## TASK STATEMENT:
Without including any pictures, copy every line below exactly.

## INFORMATION SUPPLIED:
====

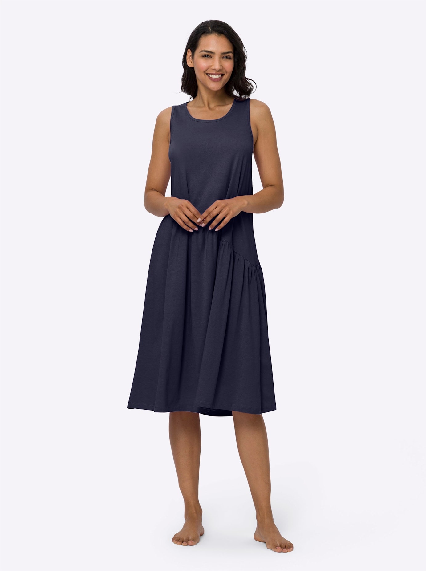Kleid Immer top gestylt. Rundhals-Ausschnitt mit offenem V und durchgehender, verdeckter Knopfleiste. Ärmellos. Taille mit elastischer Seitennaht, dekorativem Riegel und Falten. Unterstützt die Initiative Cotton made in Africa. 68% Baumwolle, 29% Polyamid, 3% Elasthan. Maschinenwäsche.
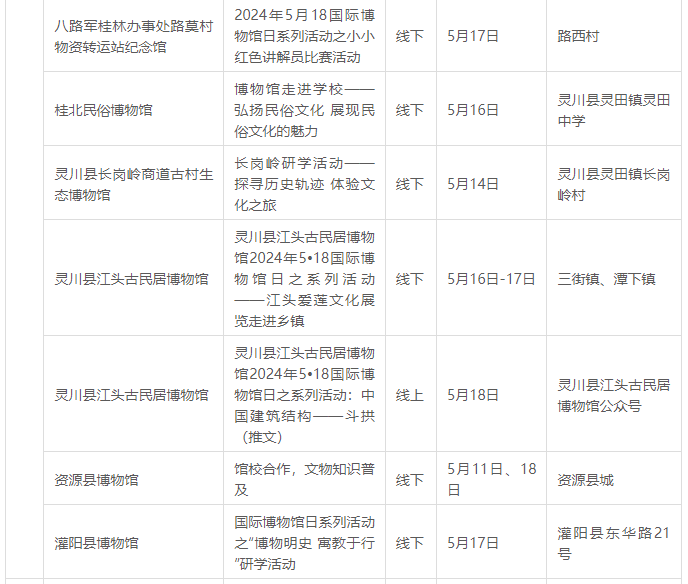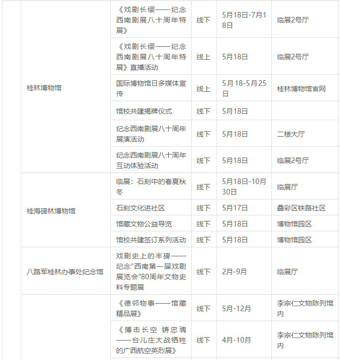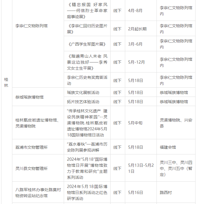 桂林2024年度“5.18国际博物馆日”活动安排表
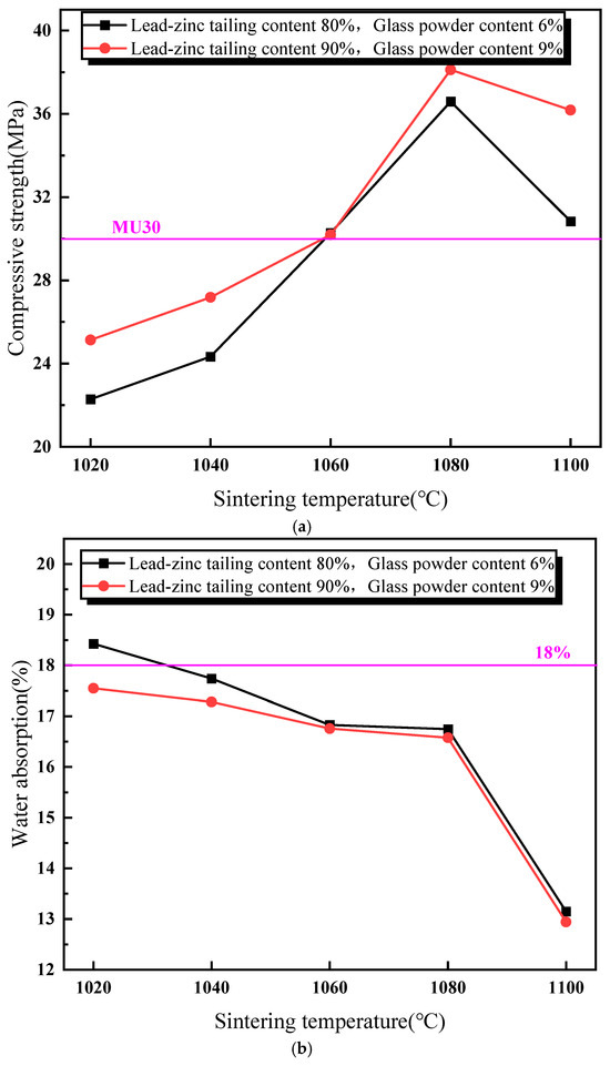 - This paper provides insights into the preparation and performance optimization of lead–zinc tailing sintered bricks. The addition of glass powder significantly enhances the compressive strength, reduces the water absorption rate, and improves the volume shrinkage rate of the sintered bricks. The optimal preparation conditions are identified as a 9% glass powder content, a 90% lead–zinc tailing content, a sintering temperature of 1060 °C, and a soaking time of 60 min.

====

## TASK OUTPUT:
Kleid Immer top gestylt. Rundhals-Ausschnitt mit offenem V und durchgehender, verdeckter Knopfleiste. Ärmellos. Taille mit elastischer Seitennaht, dekorativem Riegel und Falten. Unterstützt die Initiative Cotton made in Africa. 68% Baumwolle, 29% Polyamid, 3% Elasthan. Maschinenwäsche.
 桂林2024年度“5.18国际博物馆日”活动安排表
 - This paper provides insights into the preparation and performance optimization of lead–zinc tailing sintered bricks. The addition of glass powder significantly enhances the compressive strength, reduces the water absorption rate, and improves the volume shrinkage rate of the sintered bricks. The optimal preparation conditions are identified as a 9% glass powder content, a 90% lead–zinc tailing content, a sintering temperature of 1060 °C, and a soaking time of 60 min.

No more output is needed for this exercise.